Tottenham Hotspur

Spurs' Transfer Dealings a Cut Above the Rest Despite League Critics

READING, ENGLAND - SEPTEMBER 16:  Daniel Levy (L), Chairman of Spurs talks with Reading owner Anton Zingarevich during the Barclays Premier League match between Reading and Tottenham Hotspur at Madejski Stadium on September 16, 2012 in Reading, England.  (Photo by Mike Hewitt/Getty Images)
Mike Hewitt/Getty Images
Trent ScottAnalyst IIIJune 14, 2013

Part of the fun and sometimes the derangement of the downtime between the end of the campaign, international matches and the silly season is the idea of speculating on transfers.

In truth—even while I personally believe Tottenham might be slow to pull the trigger—their business sense is pretty sharp.

And it is that intelligence that should shield them from some of the criticism a columnist blanketed the Premier League with.

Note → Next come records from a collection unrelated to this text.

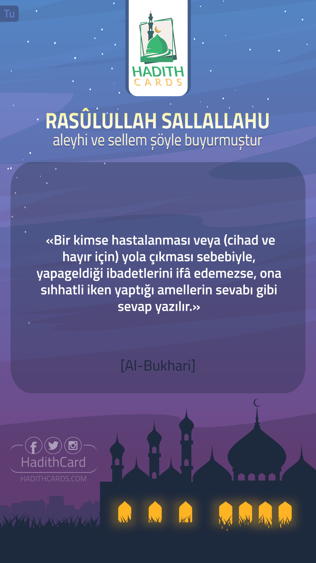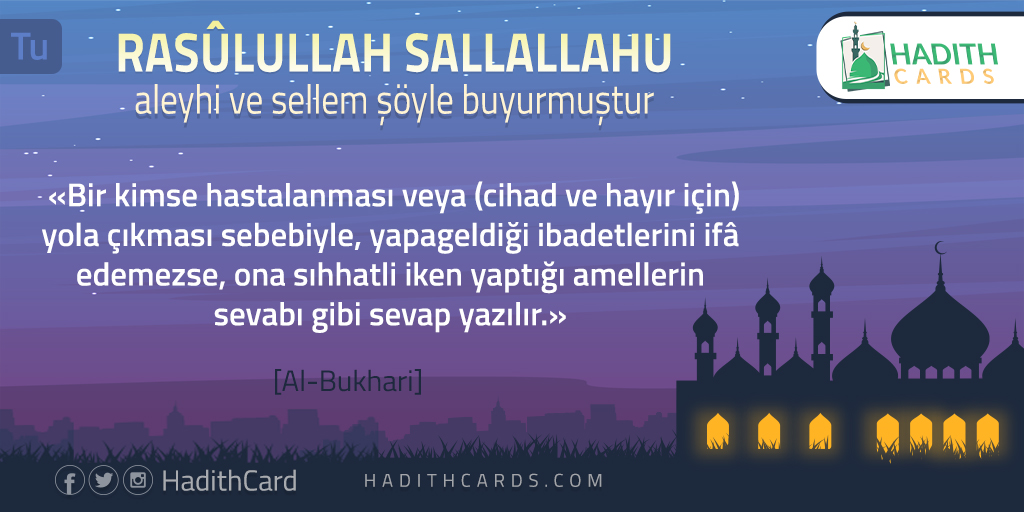 Bir kimse hastalanması veya (cihad ve hayır için) yola çıkması sebebiyle, yapageldiği ibadetlerini ifâ edemezse, ona sıhhatli iken yaptığı amellerin sevabı gibi sevap yazılır
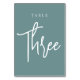 Simple and chic table number cards in dusty teal aqua and white make an elegant statement at your wedding or event. Design features "table [number]" in an eyecatching mix of classic serif and handwritten script lettering. Design repeats on both sides. Individually numbered cards sold separately; order each table number individually from our collection.
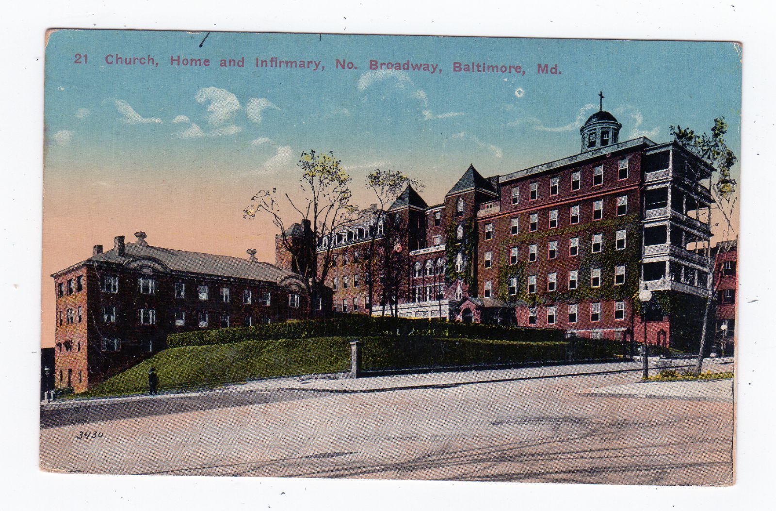 OLD POSTCARD CHURCH, HOME & INFIRMARY NORTH BROADWAY BALTIMORE MARYLAND MD 1915
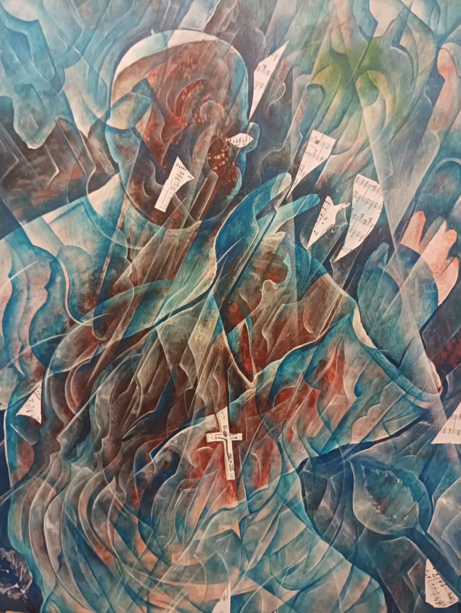 "Il Mistero Di G.P.II.", Angelo Falmi, 70x90 cm, acrilico su tela, 2023.; è il racconto di un mistero, della scomparsa improvvisa di un uomo che si trova seduto su una poltrona che scotta...lui è cielo ,forma dell' invisibile...mistero concreto del pensiero della creazione.
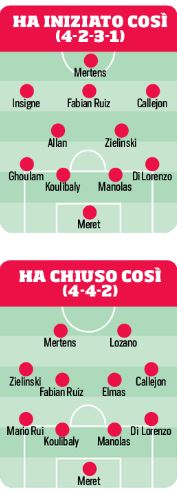 Ancelotti stavolta interviene nell’intervallo: dentro Mario Rui per Ghoulam (che è anche ammonito e quindi rischia), poi Lozano per Insigne (che sta male ma che non incide), con Zielinski che finisce largo a sinistra e con Callejon a destra.
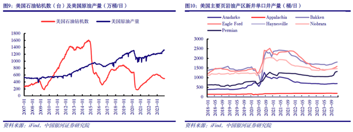 供给端,美国原油产量增速预期放缓,关注OPEC+产量政策执行情况。1)美国方面,2023年以来受益于油井生产效率提升,美国原油产量保持较快增速。在当前“资本纪律”时代,美国页岩油上市公司更加注重股东回报,对狂热的投资保持谨慎。大多数页岩油公司2024年生产目标为同比持平或增速放缓。2)非OPEC国家如加拿大、巴西、圭亚那和挪威的石油产量将继续增长。3)OPEC+方面,需密切关注执行情况及地缘冲突演变。2023年以来,OPEC+多次持续深化减产措施,包括延长减产时间、部分产油国实施自愿额外减产等。从执行情况来看,OPEC方面,1-10月OPEC10国合计月度减产执行率均大于100%;俄罗斯方面,10月俄罗斯原油产量约953万桶/日,较2月下降34万桶/日,低于前期承诺的50万桶/日水平;贸易流再平衡下俄罗斯石油产品出口量暂未受欧盟制裁影响,10月原油出口量约500万桶/日,保持相对稳定。后续建议密切关注OPEC+产量政策、地缘冲突情况等。
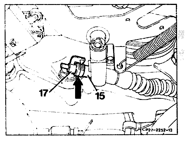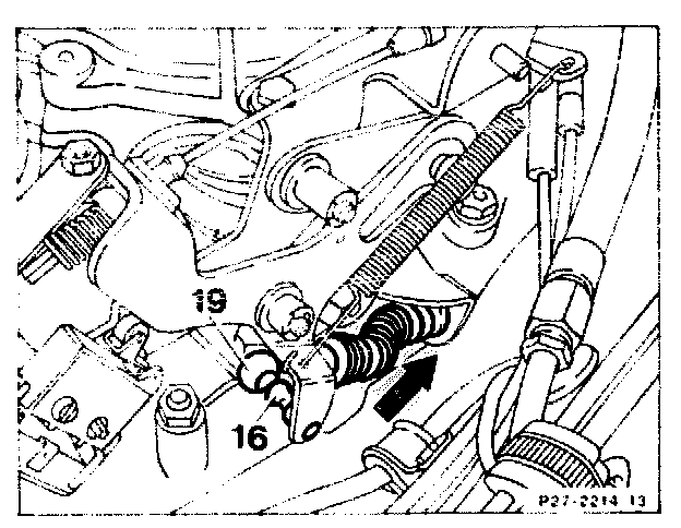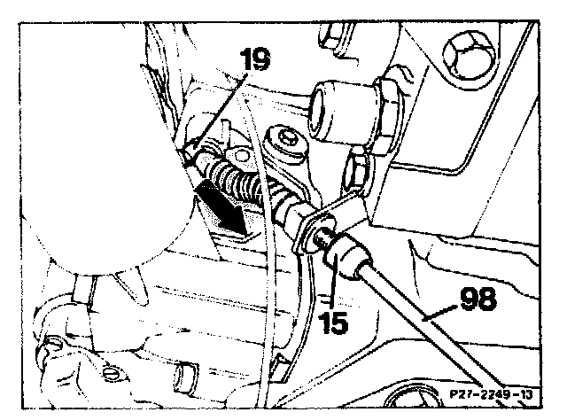 1. Press off ball socket (19). Separate idle travel rod (8) as far as the stop, pull control pressure cable forward until a slight resistance is felt. In this position, hold ball socket above the ball head and attach free to tension; it may be necessary to re-set idle travel rod (8).
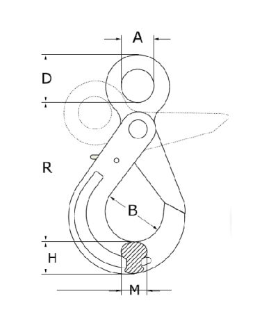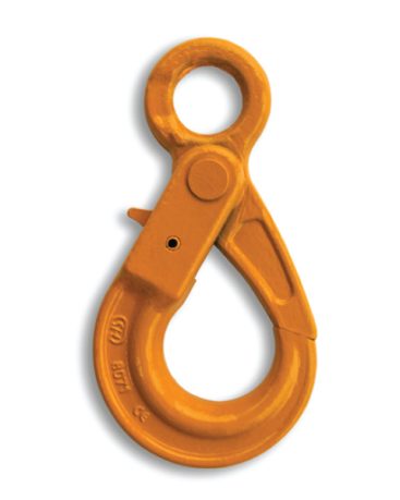 Eye Self-Locking Hooks remain open until the load is engaged and automatically lock under load, preventing accidental opening. The hook can only be released by pressing the trigger. The eye design allows easy connection to chain connectors, shackles, and wire rope slings.
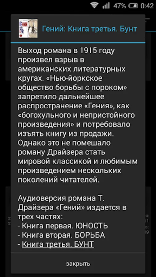 Out of the novel in 1915, he produced an explosion in American literary circles. "The New York Society of combating vice" has banned the further spread of "the Genius", as "blasphemous and obscene works" and demanded to withdraw the book from sale. However, this did not prevent Dreiser novel to become a world classic and favorite work of several generations of readers.

According to part of a report released by CIES Football Observatory every year, Tottenham represent the second-best value in the Premier League when comparing transfer fees to current player value.

An excerpt shown in the Daily Mail—the full review price is €299.00, if you have that kind of cash just lying about—presented two separate valuations.

The first, a value analysis based on certain criteria from the Football Observatory, showed that Spurs only trailed Arsenal in terms of value of the squad based on their transfer fee.

Tottenham have a current squad value of £226.24 million, compared to their outlay of £151.39, for a positive difference of £74.85 million.

This valuation, as stated, concerns players purchased who actually played for the club in the last campaign.

That tidbit is helpful because one could imagine the valuation dropping about £10 million simply for having David Bentley on the cards.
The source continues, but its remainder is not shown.